THE ROLE:
We are looking for an experienced Cloud Ops/Dev Ops Engineer responsible for securing, monitoring the cloud products/infrastructure. Role would include:
- Troubleshooting and incident analysis.
- Proactive system monitoring and end to end service operations.
- Lead initiatives to automate repetitive tasks, deployments, monitoring, and other operational processes.
- Identify opportunities for cost optimization and performance improvement in cloud environments.
- Develop and enforce strategies to minimize downtime, ensuring high availability and resilience of cloud services.
- Manage incidents, ensuring rapid resolution and minimal impact on business operations.

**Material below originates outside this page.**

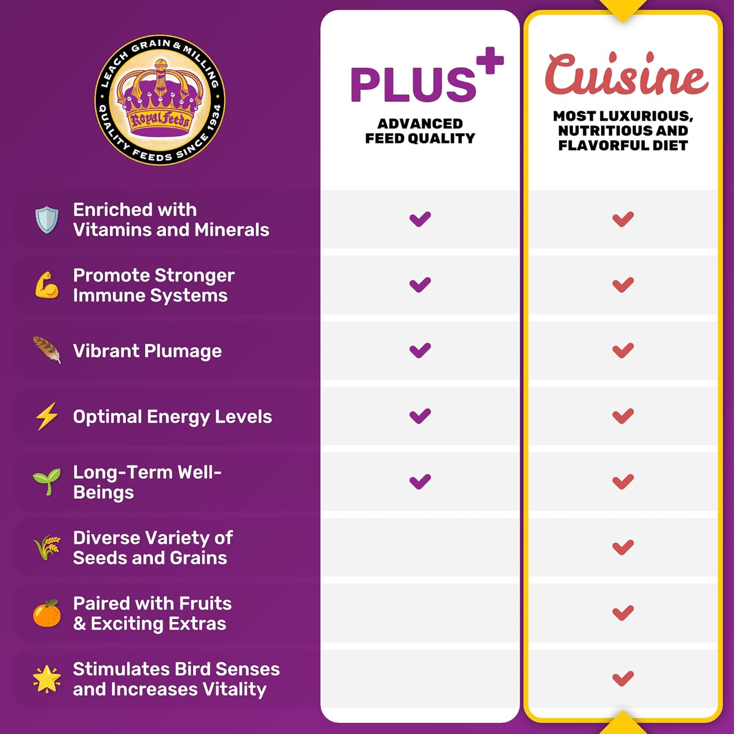 - ππ πππππ πππππ πππππππππ β We prioritize the health of your birds, which is why Finch Cuisine is made with only natural, wholesome ingredients, free from artificial colors, flavors, and preservatives. This means your birds enjoy a pure, top-quality diet, reducing the risk of digestive issues while enhancing feather vibrancy, immune function, and overall well-being.

- Conduct root cause analysis (RCA) for critical incidents and implement preventive measures.
- Manage and mentor a team of cloud engineers and operations staff, providing guidance and support.
- Monitor and analyze performance metrics, KPIs, and SLAs (service level availability) to identify areas for improvement.
- Implement feedback loops to incorporate lessons learned from incidents and operational activities.
- Stay abreast of the latest cloud technologies, trends, and best practices.
- Consistently drive root cause analysis & identify areas of improvement.
- Actively participate in continuous optimization of already existing procedures and processes.
- Drive for automation and standardization.
- Ensure smooth operations and maximize uptime.
- Collaborate with engineering and product management as well as other service groups.
EDUCATION AND QUALIFICATIONS / SKILLS AND COMPETENCIES:
- Bachelor's degree, preferably in Computer Science or Engineering.
- Experience and knowledge in Cloud technologies and Cloud Services (Amazon Web Services, Google Cloud Platform, Microsoft Azure).
- Expertise in analyzing and troubleshooting large-scale distributed systems, databases.
- Knowledge of container solutions such as Kubernetes & Docker.
- Basic understanding with monitoring solutions, such as Grafana, Kibana, Dynatrace.
- Familiar with ITIL concept of Incident Management, Change Management, and Root Cause Analysis.
- Ability to troubleshoot complex problems throughout the whole technology stack.
- Knowledge in Converged Infrastructure or SAP Converged Cloud Infrastructure.
- Datacenter/System migration experience, knowledge of HANA DB, ERP an asset.
- Basic knowledge on CI/CD tools (especially container-oriented environments).
- Proven experience on Kubernetes, Datacenter setup, configuration, and migration.